3.3.2. Epidemiology and Sleep Recording

Different definitions have been used to objectively describe central disorders of hypersomnolence in PWS, which hampers a rigorous comparison of the available studies. Multiple case reports [32,41] and studies of small groups [31,42] have found excessive sleepiness in the MSLT, often associated with SOREMPs. In a review based on eight studies, Camfferman et al. reported that 29 (40%) out of 72 PWS patients (19 children and 53 adults) had a documented EDS (defined as a mean sleep onset latency < 5 min at MSLT) 9 [7]. Our previous data by Ghergan et al. in 60 adult PWS patients found an objective EDS (defined as mean sleep onset latency < 8 min at MSLT) in 13 (22%) of them [8]. This lower difference may be explained by the systematic aspect of our study. All patients underwent the sleep study even when not complaining of sleep disorder or EDS, which was not the case in the former study.
Several studies emphasised the probable deregulation of REM sleep [43,44]. In 11–21 (52%) patients with PWS [43], REM sleep abnormalities including SOREMPs, REM sleep during daytime naps, fragmented REM sleep and a decrease in the percentage of REM sleep during the night were observed.
In total, 43% (26 out of 60) of our 60 PWS adult patients in the study by Gerghan et al. displayed an isolated central disorder of hypersomnolence, which included different profiles: (i) 35% had secondary narcolepsy (MSLT ≤ 8 min and 2 or more SOREMPs); (ii) 12% had hypersomnia (including N = 2 with total sleep time > 11 h, and N = 1 with MSLT ≤ 8 min and 0 or 1 SOREMPs, n = 1), and 53% had a borderline phenotype (including N = 10 with ≥2 SOREMPs and MSLT > 8 min, and N = 4 with MSLT between 8 and 10 min).
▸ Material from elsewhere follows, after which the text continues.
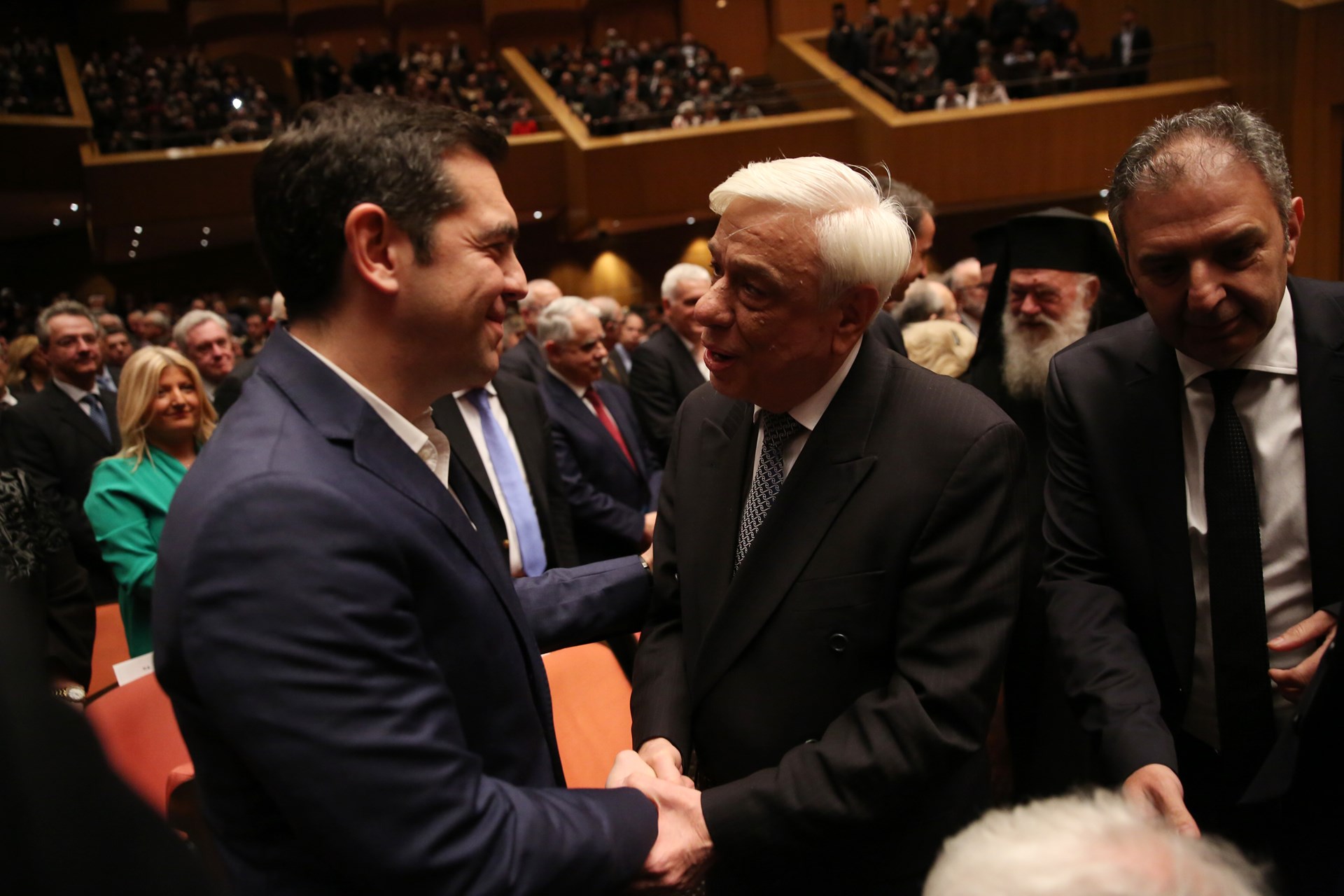 Οι δύο άνδρες συναντήθηκαν στο Μέγαρο Μουσικής, όπου φιλοξενήθηκε η εορταστική εκδήλωση για τα 10 χρόνια διακονίας του Αρχιεπισκόπου Ιερωνύμου από τον Αρχιεπισκοπικό Θρόνο. Και ο φωτογραφικός φακός «συνέλαβε» τους δύο άνδρες να έχουν θερμή χειραψία με πολλά χαμόγελα.
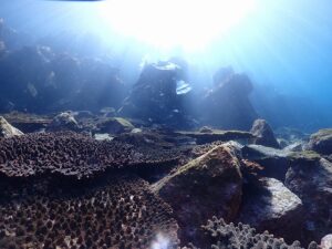午後からは光が差し込んでこんな幻想的な光景も。ずっと見てられました。アオリイカの編隊も見られましたよ。

These established and borderline phenotypes in a genetic disease are suggestive of a hypersomnia spectrum disorder. No genetic, clinical or biological determinant was associated with the presence of central disorders of hypersomnolence [8]. The finding that the HLA DQB1*0602 genotype is strongly associated with primary narcolepsy but not with PWS [8,43,45] is of particular interest.
There are some limitations to the generalisation of our study because this kind of detailed and prolonged assessment may not be feasible in all centres, but the results here suggest that nighttime polysomnography (including CO2 monitoring) followed by systematic MSLT is sufficient to screen all sleep disorders in patients with PWS. Other studies need to be performed to confirm these data.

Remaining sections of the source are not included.